------ Supplied material
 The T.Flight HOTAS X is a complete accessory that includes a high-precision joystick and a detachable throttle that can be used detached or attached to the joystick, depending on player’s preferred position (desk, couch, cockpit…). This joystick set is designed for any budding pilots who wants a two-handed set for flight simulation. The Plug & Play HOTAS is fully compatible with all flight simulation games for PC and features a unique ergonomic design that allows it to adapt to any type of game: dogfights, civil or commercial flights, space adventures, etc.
------------
------ Supplied material
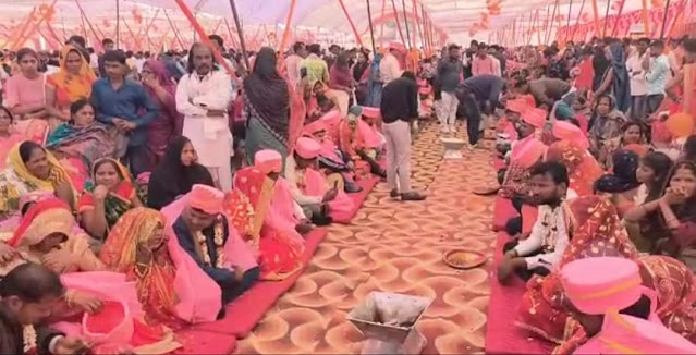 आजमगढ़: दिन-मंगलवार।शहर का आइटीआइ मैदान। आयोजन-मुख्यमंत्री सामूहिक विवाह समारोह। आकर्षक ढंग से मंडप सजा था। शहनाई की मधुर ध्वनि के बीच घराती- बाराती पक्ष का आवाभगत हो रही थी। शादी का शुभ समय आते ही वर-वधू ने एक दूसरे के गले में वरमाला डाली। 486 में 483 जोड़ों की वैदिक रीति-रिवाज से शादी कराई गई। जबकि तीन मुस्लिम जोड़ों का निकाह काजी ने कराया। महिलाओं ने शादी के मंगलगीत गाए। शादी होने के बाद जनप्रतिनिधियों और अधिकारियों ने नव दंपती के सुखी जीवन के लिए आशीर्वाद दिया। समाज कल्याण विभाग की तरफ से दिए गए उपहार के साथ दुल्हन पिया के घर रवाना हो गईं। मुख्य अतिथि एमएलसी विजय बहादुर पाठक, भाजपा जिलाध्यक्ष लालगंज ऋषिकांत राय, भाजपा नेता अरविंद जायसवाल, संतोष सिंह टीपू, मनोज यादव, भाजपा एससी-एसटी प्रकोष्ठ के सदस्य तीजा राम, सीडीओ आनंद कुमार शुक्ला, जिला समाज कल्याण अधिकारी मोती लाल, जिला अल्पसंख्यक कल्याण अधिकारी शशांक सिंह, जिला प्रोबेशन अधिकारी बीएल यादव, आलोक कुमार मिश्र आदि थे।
------------
------ Supplied material
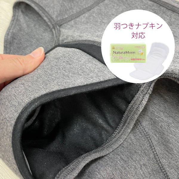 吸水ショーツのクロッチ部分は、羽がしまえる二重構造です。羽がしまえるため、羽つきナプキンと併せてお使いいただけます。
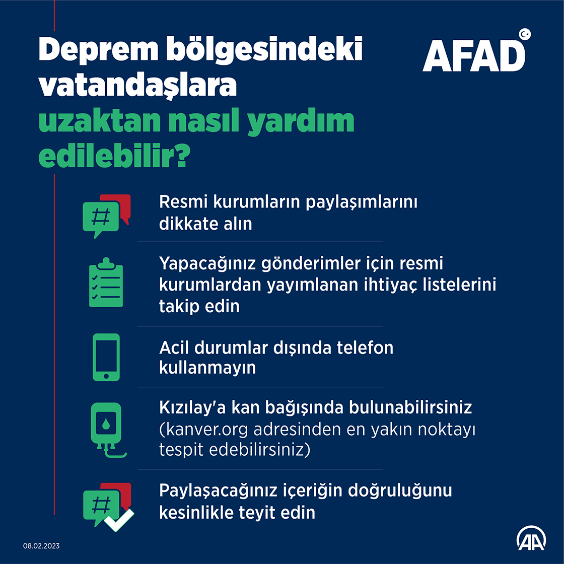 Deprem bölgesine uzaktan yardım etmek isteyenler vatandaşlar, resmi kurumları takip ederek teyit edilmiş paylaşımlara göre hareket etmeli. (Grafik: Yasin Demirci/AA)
------------
• What you should do
Each line from the one that contains "吸水ショーツのクロッチ部分は" down to the one that contains "Deprem bölgesine uzaktan" is to be returned exactly as it stands above, both ends included, with pictures removed.

• Your solution
 吸水ショーツのクロッチ部分は、羽がしまえる二重構造です。羽がしまえるため、羽つきナプキンと併せてお使いいただけます。
 Deprem bölgesine uzaktan yardım etmek isteyenler vatandaşlar, resmi kurumları takip ederek teyit edilmiş paylaşımlara göre hareket etmeli. (Grafik: Yasin Demirci/AA)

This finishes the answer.